How can I avoid database deadlocks when using closure_tree to concurrently manipulate a set of models with common attributes on a hierarchical structure?
They present in the following flavors:
When issuing an #append/prepend_sibling
Mysql2::Error: Deadlock found when trying to get lock; try restarting transaction:
UPDATE `elements` SET `sort_order` = `sort_order` + 1 WHERE (`parent_id` = 28035 AND `sort_order` >= 1)
Mysql2::Error: Deadlock found when trying to get lock; try restarting transaction:
UPDATE `elements` SET `sort_order` = `sort_order` - 1 WHERE (`parent_id` = 21168 AND `sort_order` <= -1)
When rebuilding the closure table
Mysql2::Error: Deadlock found when trying to get lock; try restarting transaction:
DELETE FROM `element_hierarchies`
WHERE descendant_id IN (
SELECT DISTINCT descendant_id
FROM ( SELECT descendant_id
FROM `element_hierarchies`
WHERE ancestor_id = 16332
) AS x )
OR descendant_id = 16332
Mysql2::Error: Deadlock found when trying to get lock; try restarting transaction:
INSERT INTO `element_hierarchies` (`ancestor_id`, `descendant_id`, `generations`) VALUES (30910, 30910, 0)
with_advisory_lock looks promising. Any thoughts?

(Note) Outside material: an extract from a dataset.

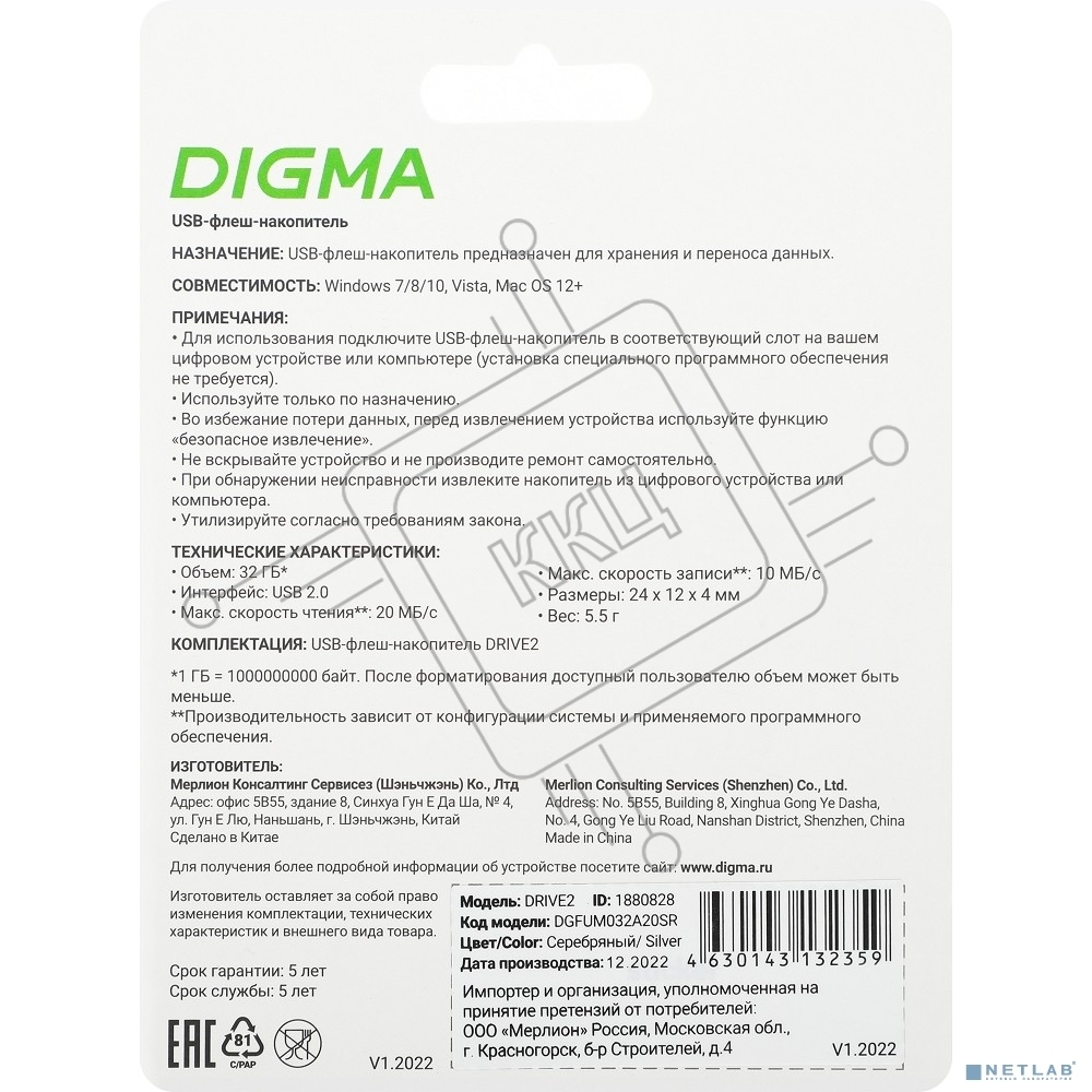 Флешка USB Digma 32 Gb DRIVE2 DGFUM032A20SR USB 2.0 серебристый
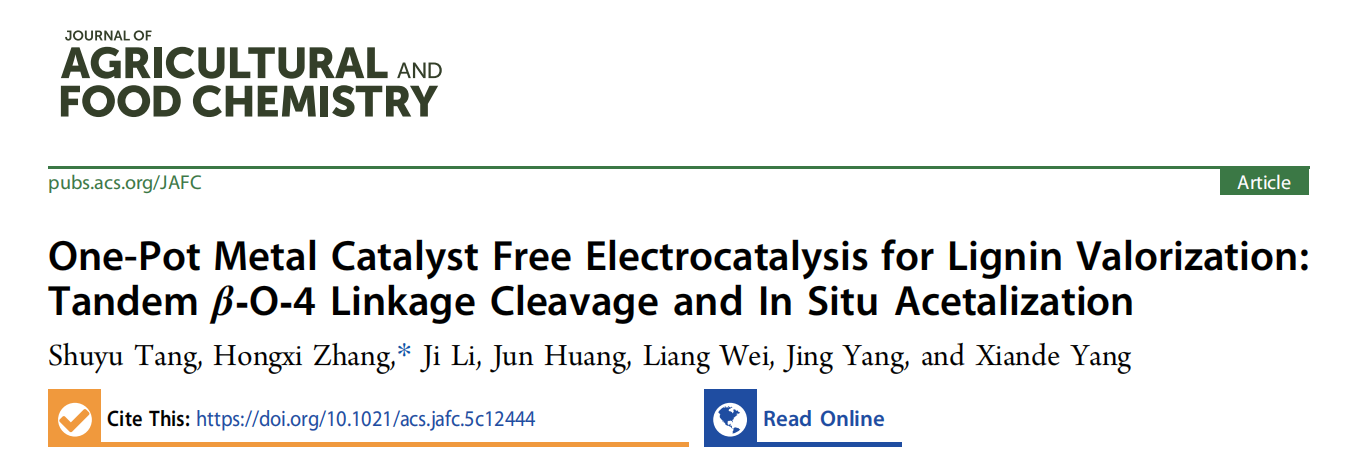 近日,完美(中国)官方在线登录化学与材料学院2021级本科生唐树玉同学以第一作者身份在国际权威期刊《Journal of Agricultural and Food Chemistry》(中科院一区Top,影响因子6.2)上发表题为《One-Pot Metal Catalyst Free Electrocatalysis for Lignin Valorization: Tandemβ-O-4 Linkage Cleavage and In Situ Acetalization》的研究论文。完美网页版为唯一完成单位,张宏喜教授为论文通讯作者,韦良教授、杨晶正高实验师、黄俊副教授和杨显德博士共同参与了指导,研究成果得到了广西科技重大专项、广西科技计划等项目的支持。这是完美(中国)官方在线登录本科生首次以第一作者身份发表中科院一区的高水平论文。

Author of closure_tree here:
Mr. Heal's advice is generally correct—you should acquire table locks in the same order to prevent deadlocks. In this case, though, the deadlock is due to row-level locks in the hierarchy table.
Interesting that you suggest using with_advisory_lock! I just wrote that library for closure_tree, and if you're using version >= 3.7.0, there are already advisory locks safeguarding the class-level #rebuild
and #find_or_create_by_path
methods.
The problem with advisory locks (at least with MySQL and PostgreSQL) is that they don't respect transaction boundaries—if the lock-holding caller doesn't commit their transaction before the lock is released, other connections will not see those changes when they try to acquire the advisory lock, so we need to be careful here. We may need to add a table lock on the hierarchy table for any writes, but that would be worst-case.
I've opened issue 41, and we can track it there. First thing to do is to reliably reproduce the deadlock in a parallel test. We already have tests that do that for #rebuild
and #find_or_create_by_path
.